[Start of section]

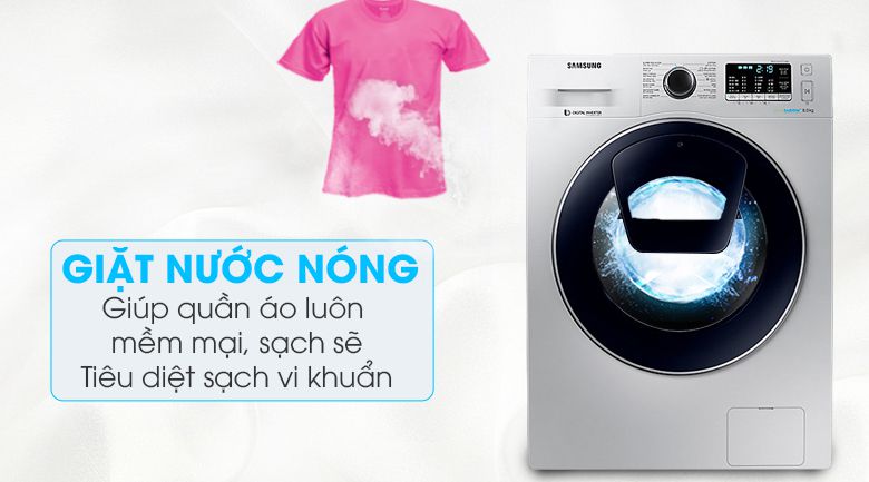 Với tính năng giặt nước nóng 90⁰C trên máy giặt Samsung sẽ giúp diệt khuẩn hiệu quả các vi khuẩn gây dị ứng, mầm bệnh, nhanh chóng đánh bay vết bẩn trên quần áo, giúp bạn yên tâm hơn.
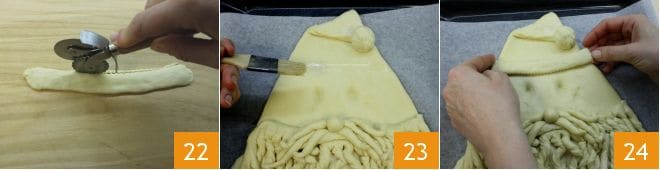 Verfeinern Sie den Rand mit einem gezahnten Teigschneider 22, bestreichen Sie die Stirn des Weihnachtsmanns mit Wasser 23 und legen Sie die Basis der Mütze darauf 24.
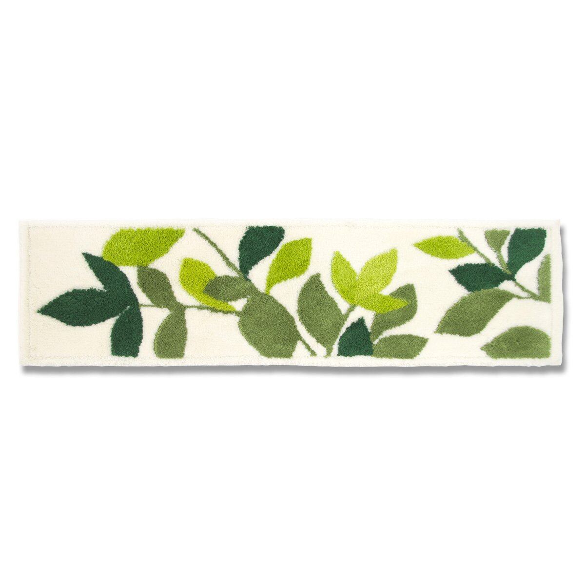 オカ(OKA) 玄関マット リーフグリーン コーナー吸着 約 30 cm× 110 cm アイボリー (ナチュラル 葉っぱ柄 吸着 洗える ラグ カーペット 日本製 大判 ウィルトン織)
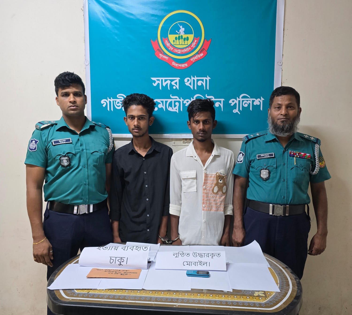 গাজীপুর মহানগরীর সদর থানা এলাকায় চাঞ্চল্যকর কলেজ ছাত্রকে ছুরিকাঘাতে খুন ও ডাকাতির মূলহোতাসহ ০২ আসামীকে গ্রেফতার করেছে জিএমপি সদর থানা পুলিশ।

[End of section]

Repeat the lines above exactly, beginning with the one containing "Verfeinern Sie den" and finishing with the one containing "オカ(OKA) 玄関マット リーフグリーン". No pictures belong in the copy.

 Verfeinern Sie den Rand mit einem gezahnten Teigschneider 22, bestreichen Sie die Stirn des Weihnachtsmanns mit Wasser 23 und legen Sie die Basis der Mütze darauf 24.
 オカ(OKA) 玄関マット リーフグリーン コーナー吸着 約 30 cm× 110 cm アイボリー (ナチュラル 葉っぱ柄 吸着 洗える ラグ カーペット 日本製 大判 ウィルトン織)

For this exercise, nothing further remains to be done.